▸ **What to work on**: Reproduce the listing below exactly. Pictures do not belong in the copy.

▸ **Information provided**:
* * * * *
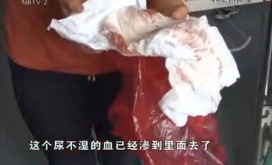 有個人我們是認識的,他也是在菜場里做生意的,有的時候會抱女兒玩。這回也是抱女兒出去玩,差不多40分鐘才回來。當時寶寶手上拿著糖但是目光很呆滯,我給她換衣服,碰到她下體,她有點不高興,尿不濕的血已經滲到里面去了……
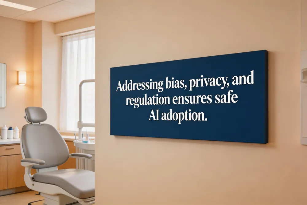 Regulatory landscape – The FDA has cleared several AI dental tools (e.g., Overjet, VideaHealth) for decision‑support, but manufacturers must demonstrate safety, efficacy, and post‑market monitoring. Ongoing compliance with evolving standards ensures clinicians can trust the technology.
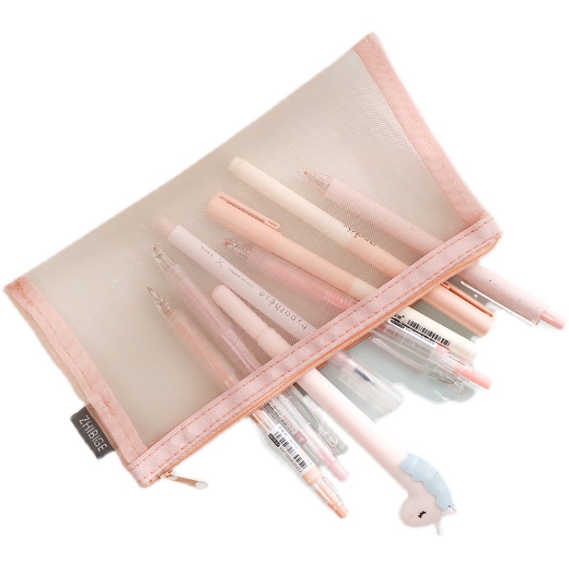 Simple transparent mesh pen bag student test stationery bag portable large-capacity storage pencil bag salt pen bag
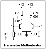 A transistor realization of the Abraham-Bloch circuit is shown at the left. It is almost exactly the same as the vacuum-tube circuit, except for one detail. If the base resistors were returned to ground, the circuit would not oscillate, since both transistors would be cut off. Unlike a vacuum tube, a transistor does not conduct with zero base-emitter voltage. When the bases are raised to the point of conduction, as shown, oscillation begins immediately. If the collector resistors are too small, the transistors will not saturate, and the circuit will not oscillate. The collector waveform is a square wave with a slow leading rise, and a sharp drop, with the full amplitude of 0 to 12 V. The bases are driven negative on each transition. In fact, this drive is large enough to worry about the base-emitter junction breakdown, though no problem was experienced here. The frequency was about 19 kHz with the component values shown. The collector waveform switched between 0 and 12 V, with a slow rising edge but a sharp trailing edge. There have been many circuit refinements to improve the waveform and other factors, but here we are only interested in seeing how it works.
* * * * *
▸ **Written answer**:
 有個人我們是認識的,他也是在菜場里做生意的,有的時候會抱女兒玩。這回也是抱女兒出去玩,差不多40分鐘才回來。當時寶寶手上拿著糖但是目光很呆滯,我給她換衣服,碰到她下體,她有點不高興,尿不濕的血已經滲到里面去了……
 Regulatory landscape – The FDA has cleared several AI dental tools (e.g., Overjet, VideaHealth) for decision‑support, but manufacturers must demonstrate safety, efficacy, and post‑market monitoring. Ongoing compliance with evolving standards ensures clinicians can trust the technology.
 Simple transparent mesh pen bag student test stationery bag portable large-capacity storage pencil bag salt pen bag
 A transistor realization of the Abraham-Bloch circuit is shown at the left. It is almost exactly the same as the vacuum-tube circuit, except for one detail. If the base resistors were returned to ground, the circuit would not oscillate, since both transistors would be cut off. Unlike a vacuum tube, a transistor does not conduct with zero base-emitter voltage. When the bases are raised to the point of conduction, as shown, oscillation begins immediately. If the collector resistors are too small, the transistors will not saturate, and the circuit will not oscillate. The collector waveform is a square wave with a slow leading rise, and a sharp drop, with the full amplitude of 0 to 12 V. The bases are driven negative on each transition. In fact, this drive is large enough to worry about the base-emitter junction breakdown, though no problem was experienced here. The frequency was about 19 kHz with the component values shown. The collector waveform switched between 0 and 12 V, with a slow rising edge but a sharp trailing edge. There have been many circuit refinements to improve the waveform and other factors, but here we are only interested in seeing how it works.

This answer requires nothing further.